Directions
Every entry below should be returned exactly as it appears, with pictures left out.
** Records to use follows **
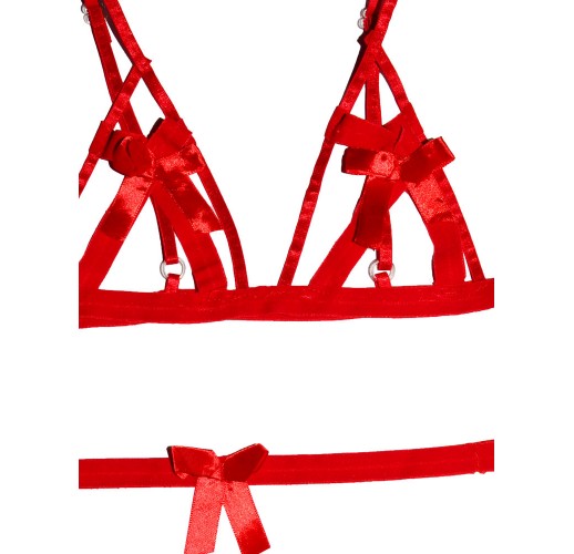 Бюстгальтер з відкритими чашечками з пересічними атласними стрічками і бантиком по центру, регульовані бретельки, під грудьми широка гумка.
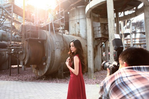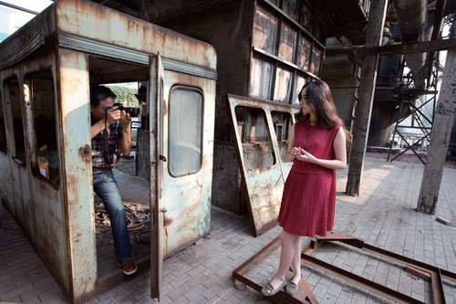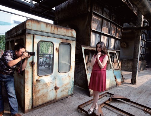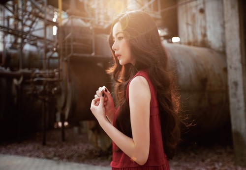 人像拍摄新手习惯于切着人物半身或头部拍摄局部,这样的作品传递的信息非常有限。随着拍摄的深入,要锻炼拍摄环境人像的能力,让人物与环境的线条、色彩、 光影相结合,获得更加丰富的表达。这幅作品将环境的线条纳入画面,工业化繁复细密的结构及冷调色彩,映衬了模特的柔美,红色的服装与环境产生了冷暖对比。 拍摄时对准模特额头高光处测光,略微降低曝光补偿后闪光灯拉出反光板,借助小面积反射补光适度照亮模特身体,从而保留画面光线的整体素描关系。
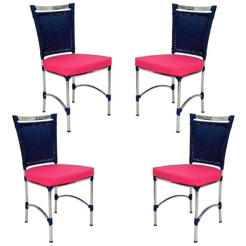 4 Cadeiras Em Alumínio E Fibra Sintética Jk Cozinha Edícula Azul Dark E Pink
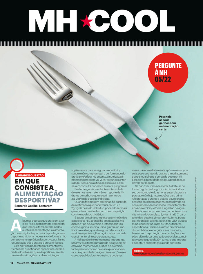 A Dra. Magda Roma, nutricionista na Fisiogaspar, esclarece dúvidas num artigo para a revista Men´s Health, sobre o tema “Em que consiste a alimentação desportiva?”.
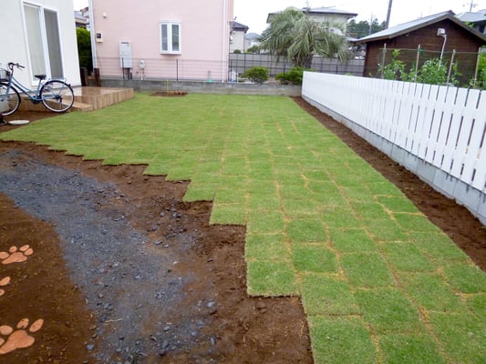 新築で広い敷地の外構ガーデン工事でしたが、スタートはTM9芝とアンティークゲートのご相談からでした。
** End of Records to use **
Answer section
 Бюстгальтер з відкритими чашечками з пересічними атласними стрічками і бантиком по центру, регульовані бретельки, під грудьми широка гумка.
 人像拍摄新手习惯于切着人物半身或头部拍摄局部,这样的作品传递的信息非常有限。随着拍摄的深入,要锻炼拍摄环境人像的能力,让人物与环境的线条、色彩、 光影相结合,获得更加丰富的表达。这幅作品将环境的线条纳入画面,工业化繁复细密的结构及冷调色彩,映衬了模特的柔美,红色的服装与环境产生了冷暖对比。 拍摄时对准模特额头高光处测光,略微降低曝光补偿后闪光灯拉出反光板,借助小面积反射补光适度照亮模特身体,从而保留画面光线的整体素描关系。
 4 Cadeiras Em Alumínio E Fibra Sintética Jk Cozinha Edícula Azul Dark E Pink
 A Dra. Magda Roma, nutricionista na Fisiogaspar, esclarece dúvidas num artigo para a revista Men´s Health, sobre o tema “Em que consiste a alimentação desportiva?”.
 新築で広い敷地の外構ガーデン工事でしたが、スタートはTM9芝とアンティークゲートのご相談からでした。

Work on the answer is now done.